Up north the Kasane police station has an interesting feature. Kasane lies on the confluence of two major rivers – the Chobe and the Zambezi. It is also at the meeting point of four countries – Botswana, Zambia, Namibia and Zimbabwe – clearly not an entirely comfortable location these days. However, the town is thriving with fancy modern hotels overlooking the broad Chobe river and packed with tourists taking trips into the Chobe National Park a short distance away. Built on the site of the old prison, a modern multi-story building houses the police. The architect took care to design it in such a way that two ancient baobabs could be preserved. Both are hollowed out with once locking doors that allowed prisoners to be held within the tree itself. One tree for the men and one for the women. No more than two in each at a time one hopes! You can climb in, but it’s not a very comfortable or salubrious place to spend the day.

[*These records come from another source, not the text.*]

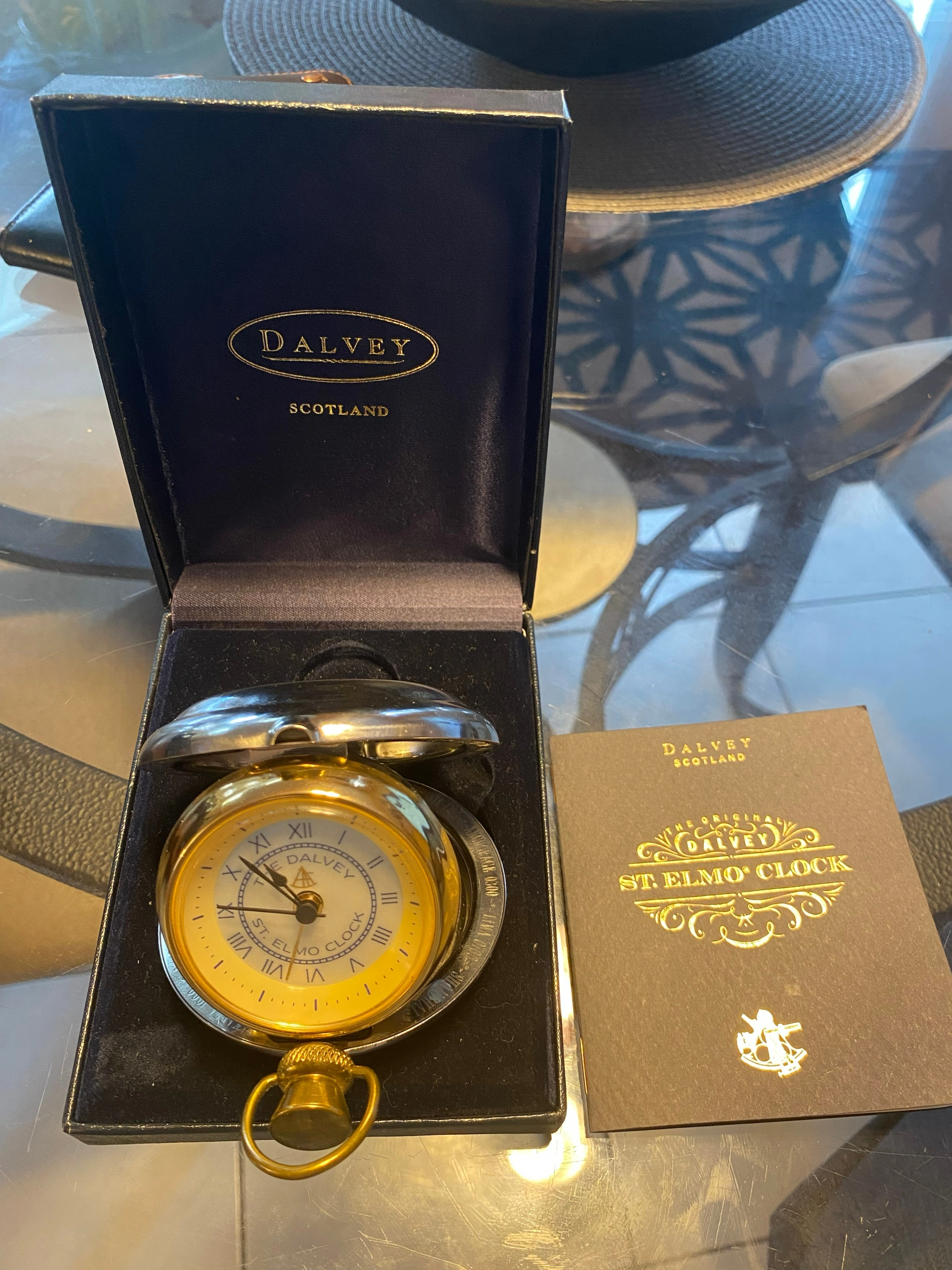 Selling a Dalvey St. Elmo's Clock pocket watch. It comes with its original box and packaging. A beautiful timepiece! Working. Shown as is as sold. Pickup in Newmarket only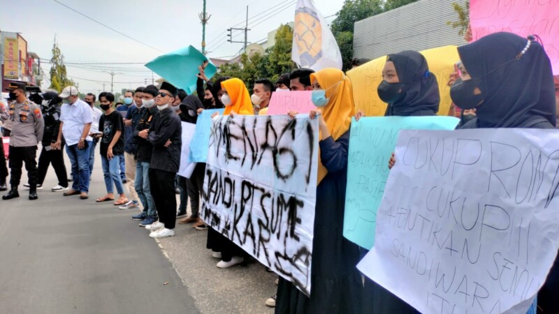 Moh. Yudik Faisal Ali selaku koordinator lapangan (Korlap) aksi demonstrasi menyampaikan dalam orasinya, bahwa dirinya dan para demonstran tidak ujub-ujub langsung demo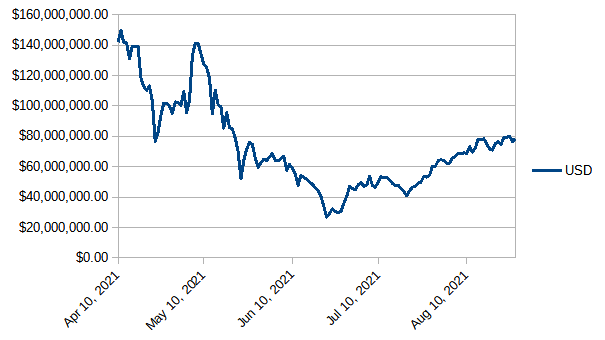 - Steem Total Value Powered Up - $74 million - August 13, 2021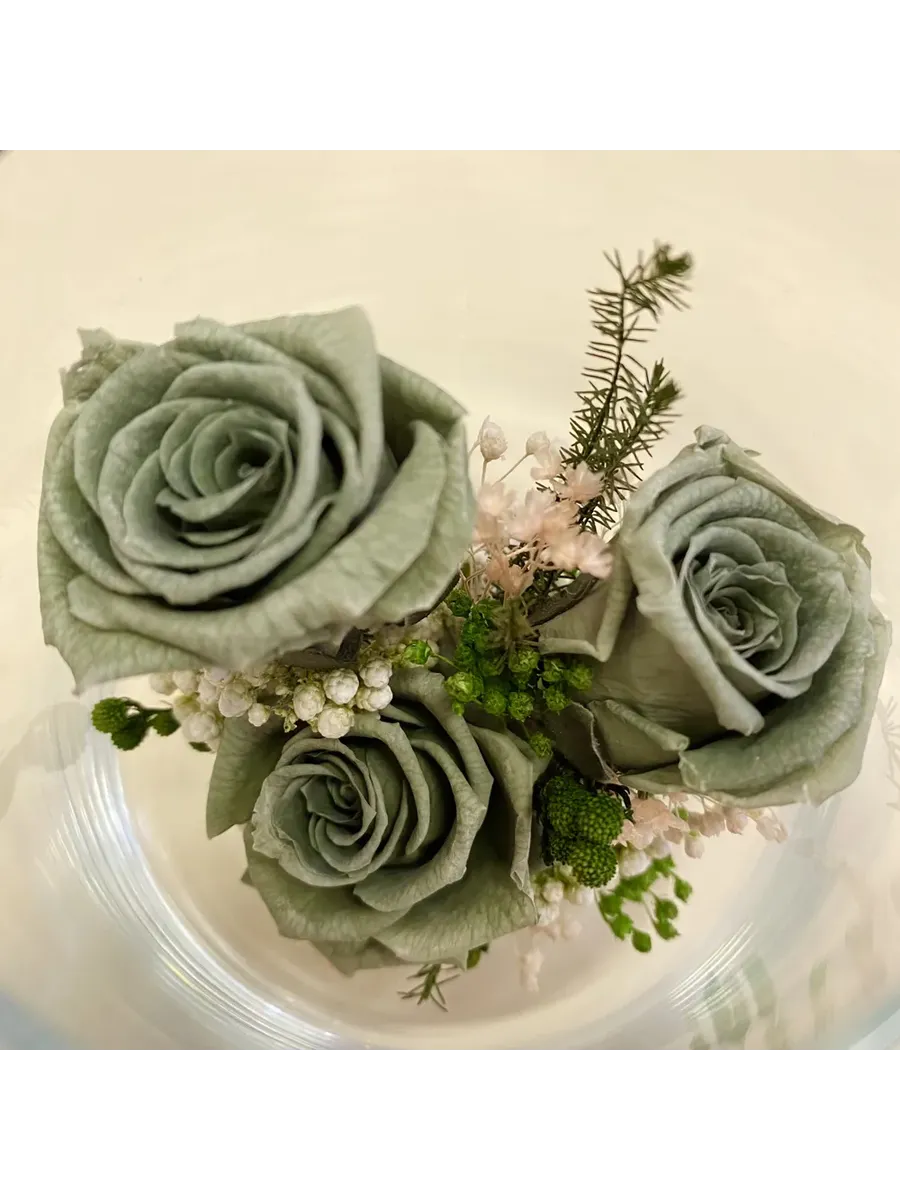 Композиции из натуральных цветов, в стеклянных герметичных вазах, вакуум.

Our third book will be set in the Kalahari desert part of Botswana, so we made the acquaintance of the police there. As usual they were charming and helpful. Tshane is a small village in the heart of the southern Kalahari. It has neighbours of the same type: Hukuntsi – the “commercial centre” sporting a petrol station and guest house, Lehututu – named after the cry of the Ground Hornbill, and Lokgwabe. The villages are there because of the usually dry salt pans which provide subterranean water. The only police station for the group of villages is at Tshane. Unlike the usual Botswana police building, this is an old style colonial one-story dating back to the days of British rule – the Bechuanaland Protectorate. It has the prime site in town: overlooking one of the salt pans. We were told it is the second oldest permanent police post in Botswana. Obviously someone thought this area would grow. Perhaps the old building survived because it didn’t.